### How to complete this task
Write out the lines below exactly, beginning at the one with "Cat Takes His" and stopping after the one with "Dámské pyžamo Mefemi"; the pictures are not copied.

### Data for processing
>>>
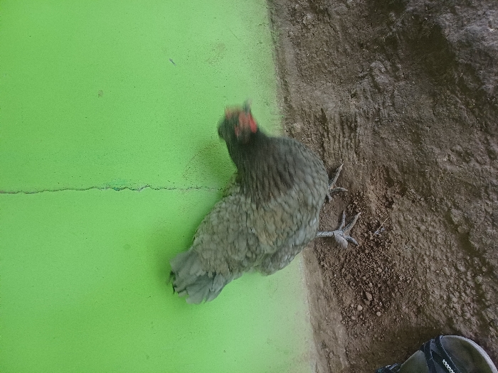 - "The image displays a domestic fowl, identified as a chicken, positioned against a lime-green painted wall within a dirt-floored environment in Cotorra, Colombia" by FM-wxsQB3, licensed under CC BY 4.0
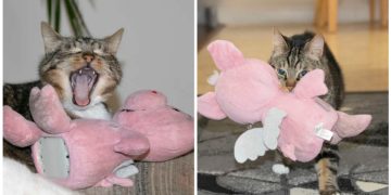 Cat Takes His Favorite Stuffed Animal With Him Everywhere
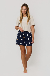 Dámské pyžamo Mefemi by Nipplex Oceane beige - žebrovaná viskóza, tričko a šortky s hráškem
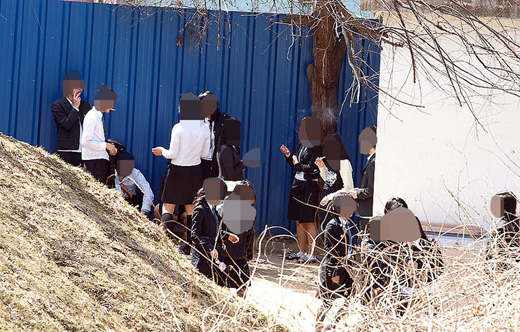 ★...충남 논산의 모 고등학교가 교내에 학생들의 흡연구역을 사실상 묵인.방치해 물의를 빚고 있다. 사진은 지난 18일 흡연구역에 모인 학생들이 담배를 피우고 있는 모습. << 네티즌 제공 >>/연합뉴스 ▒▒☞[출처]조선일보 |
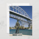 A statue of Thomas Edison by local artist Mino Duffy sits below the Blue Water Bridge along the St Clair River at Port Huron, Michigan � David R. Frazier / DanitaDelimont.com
<<<
>>>
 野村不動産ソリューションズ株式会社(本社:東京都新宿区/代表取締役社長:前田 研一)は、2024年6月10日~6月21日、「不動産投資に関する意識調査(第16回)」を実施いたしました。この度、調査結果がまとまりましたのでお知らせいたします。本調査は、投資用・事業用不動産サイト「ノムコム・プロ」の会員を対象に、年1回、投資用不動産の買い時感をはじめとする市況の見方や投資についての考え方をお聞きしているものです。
<<<
>>>
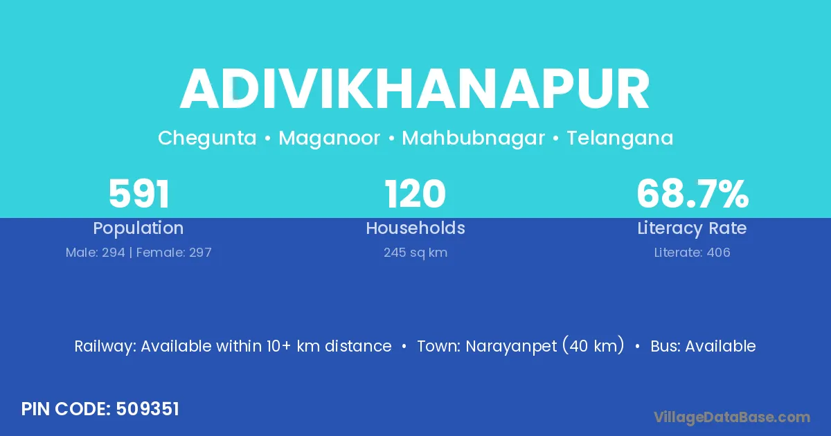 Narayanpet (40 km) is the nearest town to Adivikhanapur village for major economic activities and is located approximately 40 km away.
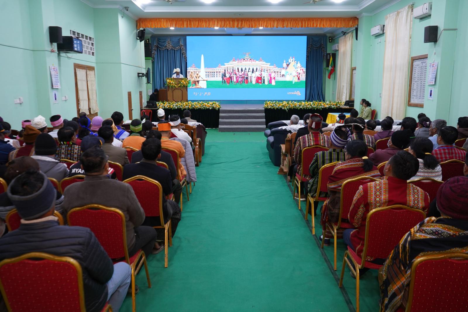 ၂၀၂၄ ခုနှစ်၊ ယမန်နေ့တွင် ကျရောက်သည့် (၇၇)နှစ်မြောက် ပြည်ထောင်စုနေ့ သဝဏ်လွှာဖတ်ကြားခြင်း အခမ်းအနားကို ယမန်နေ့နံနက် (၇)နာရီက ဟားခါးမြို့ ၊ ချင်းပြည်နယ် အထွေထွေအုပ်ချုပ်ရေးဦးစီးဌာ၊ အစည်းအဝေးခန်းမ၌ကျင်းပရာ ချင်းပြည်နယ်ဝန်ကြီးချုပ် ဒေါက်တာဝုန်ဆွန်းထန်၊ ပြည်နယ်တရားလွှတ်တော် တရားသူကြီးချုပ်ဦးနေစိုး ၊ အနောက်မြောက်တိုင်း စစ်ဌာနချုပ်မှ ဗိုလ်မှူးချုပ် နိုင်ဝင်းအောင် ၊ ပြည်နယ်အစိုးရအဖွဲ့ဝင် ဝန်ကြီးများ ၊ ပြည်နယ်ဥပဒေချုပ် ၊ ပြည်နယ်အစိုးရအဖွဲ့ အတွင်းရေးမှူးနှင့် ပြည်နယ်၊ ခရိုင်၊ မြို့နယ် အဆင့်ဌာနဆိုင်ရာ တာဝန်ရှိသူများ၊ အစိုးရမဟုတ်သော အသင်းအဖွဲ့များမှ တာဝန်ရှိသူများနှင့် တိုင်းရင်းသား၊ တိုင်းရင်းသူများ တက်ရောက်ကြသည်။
<<<
### Solution for this task
 Cat Takes His Favorite Stuffed Animal With Him Everywhere
 Dámské pyžamo Mefemi by Nipplex Oceane beige - žebrovaná viskóza, tričko a šortky s hráškem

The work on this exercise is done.